Top of Data for review

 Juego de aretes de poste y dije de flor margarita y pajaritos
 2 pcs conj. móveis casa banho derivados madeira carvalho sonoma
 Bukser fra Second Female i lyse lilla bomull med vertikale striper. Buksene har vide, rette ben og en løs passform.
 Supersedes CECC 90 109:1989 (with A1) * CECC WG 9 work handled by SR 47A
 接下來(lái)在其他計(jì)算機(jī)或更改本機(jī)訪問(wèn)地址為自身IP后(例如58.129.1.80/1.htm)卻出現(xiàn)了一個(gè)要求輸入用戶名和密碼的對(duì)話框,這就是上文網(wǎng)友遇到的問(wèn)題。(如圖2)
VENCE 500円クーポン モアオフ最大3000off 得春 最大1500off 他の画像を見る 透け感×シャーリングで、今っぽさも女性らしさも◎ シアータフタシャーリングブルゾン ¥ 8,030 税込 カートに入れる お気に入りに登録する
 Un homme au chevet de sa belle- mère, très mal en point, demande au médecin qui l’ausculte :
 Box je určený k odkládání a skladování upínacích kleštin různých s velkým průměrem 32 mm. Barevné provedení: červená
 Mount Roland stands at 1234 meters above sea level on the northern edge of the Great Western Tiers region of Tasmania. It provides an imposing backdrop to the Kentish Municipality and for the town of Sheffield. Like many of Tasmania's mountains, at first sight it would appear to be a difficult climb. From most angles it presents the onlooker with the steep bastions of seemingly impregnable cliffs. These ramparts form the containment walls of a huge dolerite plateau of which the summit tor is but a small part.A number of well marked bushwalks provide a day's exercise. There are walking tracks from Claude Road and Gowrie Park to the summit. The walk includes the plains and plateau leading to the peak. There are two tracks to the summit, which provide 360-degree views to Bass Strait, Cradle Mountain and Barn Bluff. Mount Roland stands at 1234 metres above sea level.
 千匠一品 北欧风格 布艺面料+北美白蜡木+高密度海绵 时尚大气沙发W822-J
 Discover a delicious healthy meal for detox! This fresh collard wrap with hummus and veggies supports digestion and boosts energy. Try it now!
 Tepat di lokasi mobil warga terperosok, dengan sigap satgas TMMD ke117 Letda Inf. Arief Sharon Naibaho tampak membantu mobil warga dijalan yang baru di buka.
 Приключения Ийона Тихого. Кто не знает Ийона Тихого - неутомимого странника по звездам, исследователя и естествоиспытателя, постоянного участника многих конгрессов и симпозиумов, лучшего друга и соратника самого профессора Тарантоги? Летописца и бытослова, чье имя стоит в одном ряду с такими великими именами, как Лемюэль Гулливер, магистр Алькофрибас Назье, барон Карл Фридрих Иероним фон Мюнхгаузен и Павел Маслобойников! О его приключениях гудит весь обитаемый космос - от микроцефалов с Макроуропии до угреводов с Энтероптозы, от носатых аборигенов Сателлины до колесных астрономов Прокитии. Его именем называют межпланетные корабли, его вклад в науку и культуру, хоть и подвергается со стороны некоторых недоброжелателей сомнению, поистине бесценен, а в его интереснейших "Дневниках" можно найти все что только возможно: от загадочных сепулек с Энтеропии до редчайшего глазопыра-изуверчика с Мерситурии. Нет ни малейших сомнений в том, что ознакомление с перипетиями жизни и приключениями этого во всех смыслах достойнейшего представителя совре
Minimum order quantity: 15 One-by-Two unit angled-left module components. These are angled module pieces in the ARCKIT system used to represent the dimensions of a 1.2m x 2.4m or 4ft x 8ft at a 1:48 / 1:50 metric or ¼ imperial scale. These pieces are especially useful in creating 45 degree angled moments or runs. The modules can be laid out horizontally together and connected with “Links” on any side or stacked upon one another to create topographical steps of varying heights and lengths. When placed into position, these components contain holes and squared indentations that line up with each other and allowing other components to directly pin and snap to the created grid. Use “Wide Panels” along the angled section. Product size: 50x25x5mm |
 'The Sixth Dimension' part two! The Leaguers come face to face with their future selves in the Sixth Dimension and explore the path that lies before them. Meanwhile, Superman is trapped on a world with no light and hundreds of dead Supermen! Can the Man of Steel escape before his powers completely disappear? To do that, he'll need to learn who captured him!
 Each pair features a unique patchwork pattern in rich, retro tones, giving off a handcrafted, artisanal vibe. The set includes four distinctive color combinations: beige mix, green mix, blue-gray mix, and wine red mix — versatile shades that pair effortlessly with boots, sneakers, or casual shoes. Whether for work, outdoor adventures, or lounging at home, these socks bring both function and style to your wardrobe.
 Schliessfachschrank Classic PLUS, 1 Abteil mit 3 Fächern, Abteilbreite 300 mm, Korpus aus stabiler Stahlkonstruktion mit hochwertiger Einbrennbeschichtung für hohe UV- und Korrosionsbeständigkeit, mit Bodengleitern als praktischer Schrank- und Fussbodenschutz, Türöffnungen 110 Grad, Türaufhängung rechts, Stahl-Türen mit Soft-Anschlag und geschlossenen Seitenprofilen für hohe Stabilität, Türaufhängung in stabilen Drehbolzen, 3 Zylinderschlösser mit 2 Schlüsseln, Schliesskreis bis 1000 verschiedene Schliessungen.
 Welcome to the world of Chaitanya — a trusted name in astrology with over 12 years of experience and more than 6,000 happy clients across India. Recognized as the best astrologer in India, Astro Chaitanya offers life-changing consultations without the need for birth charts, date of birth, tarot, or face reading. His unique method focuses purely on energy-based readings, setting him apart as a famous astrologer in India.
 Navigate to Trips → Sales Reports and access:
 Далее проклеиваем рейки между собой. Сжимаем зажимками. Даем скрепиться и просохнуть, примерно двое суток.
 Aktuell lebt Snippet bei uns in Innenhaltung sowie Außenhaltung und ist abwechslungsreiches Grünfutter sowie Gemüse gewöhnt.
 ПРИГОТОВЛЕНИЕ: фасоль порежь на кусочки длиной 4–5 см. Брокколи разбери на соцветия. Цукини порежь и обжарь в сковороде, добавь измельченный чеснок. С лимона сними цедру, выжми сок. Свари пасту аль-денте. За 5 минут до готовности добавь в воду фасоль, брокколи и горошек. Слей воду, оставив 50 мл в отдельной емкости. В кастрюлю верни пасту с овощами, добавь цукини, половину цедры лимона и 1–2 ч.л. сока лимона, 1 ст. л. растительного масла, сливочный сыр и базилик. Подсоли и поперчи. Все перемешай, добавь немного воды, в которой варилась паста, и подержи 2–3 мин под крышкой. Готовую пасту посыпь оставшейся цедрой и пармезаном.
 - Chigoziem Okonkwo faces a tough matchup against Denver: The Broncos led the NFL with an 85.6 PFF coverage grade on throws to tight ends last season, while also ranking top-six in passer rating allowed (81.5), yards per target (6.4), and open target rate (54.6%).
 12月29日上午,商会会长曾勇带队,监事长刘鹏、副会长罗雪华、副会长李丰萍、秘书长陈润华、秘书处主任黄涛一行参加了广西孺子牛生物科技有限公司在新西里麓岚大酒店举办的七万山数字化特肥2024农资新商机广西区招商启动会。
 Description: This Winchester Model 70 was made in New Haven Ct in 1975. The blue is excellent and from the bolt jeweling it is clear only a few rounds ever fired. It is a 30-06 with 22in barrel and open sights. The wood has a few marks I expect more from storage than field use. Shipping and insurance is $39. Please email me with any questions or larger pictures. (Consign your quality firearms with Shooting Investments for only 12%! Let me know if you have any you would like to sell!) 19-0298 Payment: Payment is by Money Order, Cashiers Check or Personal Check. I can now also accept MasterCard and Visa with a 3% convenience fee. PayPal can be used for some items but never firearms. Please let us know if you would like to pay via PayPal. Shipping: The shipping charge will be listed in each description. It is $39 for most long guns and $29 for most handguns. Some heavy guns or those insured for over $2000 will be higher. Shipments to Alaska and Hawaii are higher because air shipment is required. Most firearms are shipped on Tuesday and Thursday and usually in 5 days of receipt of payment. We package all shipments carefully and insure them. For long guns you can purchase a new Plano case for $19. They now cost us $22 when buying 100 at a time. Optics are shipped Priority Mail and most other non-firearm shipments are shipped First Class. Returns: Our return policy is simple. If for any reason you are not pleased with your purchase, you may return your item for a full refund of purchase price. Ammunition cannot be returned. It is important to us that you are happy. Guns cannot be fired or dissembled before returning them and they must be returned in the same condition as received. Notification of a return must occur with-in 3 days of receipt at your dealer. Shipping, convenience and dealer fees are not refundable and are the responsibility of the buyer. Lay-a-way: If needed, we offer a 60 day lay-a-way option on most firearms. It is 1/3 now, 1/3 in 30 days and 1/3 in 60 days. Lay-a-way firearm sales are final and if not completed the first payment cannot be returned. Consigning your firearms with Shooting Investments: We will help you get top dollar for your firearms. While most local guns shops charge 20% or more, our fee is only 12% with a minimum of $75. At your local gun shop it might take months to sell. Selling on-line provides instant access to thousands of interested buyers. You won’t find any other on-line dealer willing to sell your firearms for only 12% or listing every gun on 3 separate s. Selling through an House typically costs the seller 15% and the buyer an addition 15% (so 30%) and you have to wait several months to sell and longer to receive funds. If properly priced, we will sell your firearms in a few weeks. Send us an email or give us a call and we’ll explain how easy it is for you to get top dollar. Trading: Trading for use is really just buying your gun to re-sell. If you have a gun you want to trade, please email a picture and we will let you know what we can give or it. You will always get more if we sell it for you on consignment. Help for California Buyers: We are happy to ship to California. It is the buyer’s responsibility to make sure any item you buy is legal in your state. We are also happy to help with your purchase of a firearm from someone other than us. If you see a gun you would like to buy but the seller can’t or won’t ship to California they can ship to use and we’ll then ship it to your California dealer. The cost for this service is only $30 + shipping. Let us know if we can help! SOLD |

Bottom of Data for review

The problem: From the records above, copy only the lines starting with the line that holds "who captured him!" and going on through the line that holds "Each pair features", exactly as written.

Problem solution:
 'The Sixth Dimension' part two! The Leaguers come face to face with their future selves in the Sixth Dimension and explore the path that lies before them. Meanwhile, Superman is trapped on a world with no light and hundreds of dead Supermen! Can the Man of Steel escape before his powers completely disappear? To do that, he'll need to learn who captured him!
 Each pair features a unique patchwork pattern in rich, retro tones, giving off a handcrafted, artisanal vibe. The set includes four distinctive color combinations: beige mix, green mix, blue-gray mix, and wine red mix — versatile shades that pair effortlessly with boots, sneakers, or casual shoes. Whether for work, outdoor adventures, or lounging at home, these socks bring both function and style to your wardrobe.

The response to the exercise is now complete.